I am very lucky that my building is running at ninety degrees to my prevailing which is from the south east (ocean) and some big winds from the north west  the half roof to vaults is 72'x32' for a total of 72'x64' of area to channel the air. It may not work but I wont know until I try. Thanks pepa. any comments wilcome and looked for.





you can see the shop ridge behind the first pole.

[spinningmagnets]

Dear Pepa, I have heard of engine-driven Tesla turbines being used as a pump for concrete because it allows lumpy fluid to flow in spite of its inefficiencies. Are you using a Tesla turbine because of salt-water corrosion in common-style impellor pumps?

To use it as an air-motor, as soon as any load is applied, efficiency will drop completely off the meter IMHO. A while back I wanted to learn whatever I could about turbochargers, they had to be spinning thousands of RPM's to do any work, and their impellors had many blades on the disc (as opposed to a smooth Tesla disc).

If an enthusiast had access to lots of free junk, and could store a large volume of air pressure from a wind-gen, then using an theoretically inefficient system to generate a couple of Watts couldn't hurt. I would still try a small salvaged 2-cylinder engine conversion as a PMA-motor if it was me.

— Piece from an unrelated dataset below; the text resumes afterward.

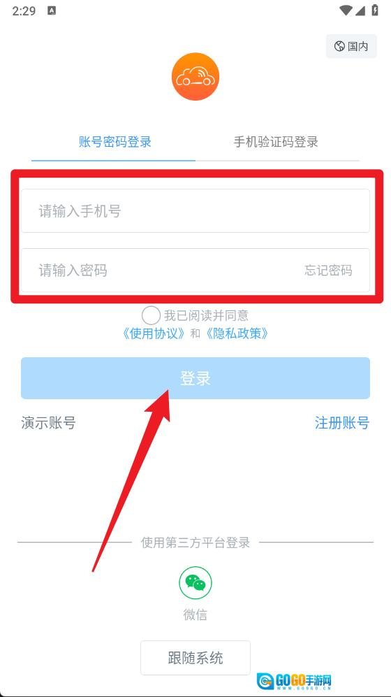 2、进入登录页面后,可选择输入手机号与密码登录,也能通过手机验证码进行快捷登录,操作时需勾选同意协议内容,再点击登录按钮。

Whatever you try, best of luck, sounds like fun!

[Bruce S]

Pepa;

 I see the pup dog is still guarding the cement pond :-)

Since I was last out there , I knew of what you were talking about, but since work demands more time, I see you've updated your post.

Glad to read that you decided to got with multiple tanks inline. I knew that as smooth as the Tesla type was turning on our last visit you would get this going.

Cheers

Bruce S

[Bruce S]

All ;-)

 If Pepa doesn't mind too much , let me see if I can help explain what he has built/ devised.

The motor is of the Tesla style.

His is built using 14 inch diameter carbide discs and is encased in wood.

These are mounted on an ALL thread that is very well balanced, so much so a quick twist will have it turning several turns afterwards.

While on a way too short visit, he had at the time only one flywheel on it and a pulley on the other side.

I know, these quick twist and several turns, comments aren't easy numbers to put to paper, but...

During our visit, we talked about having the blades turn the shaft of the 2-piston compressor. The blades at the time were to be attached directly to the shaft ( this may have changed). The "load as it were" will be how much air the system can compress back into the system causing something similar to a fully charged battery to load a 'mill down.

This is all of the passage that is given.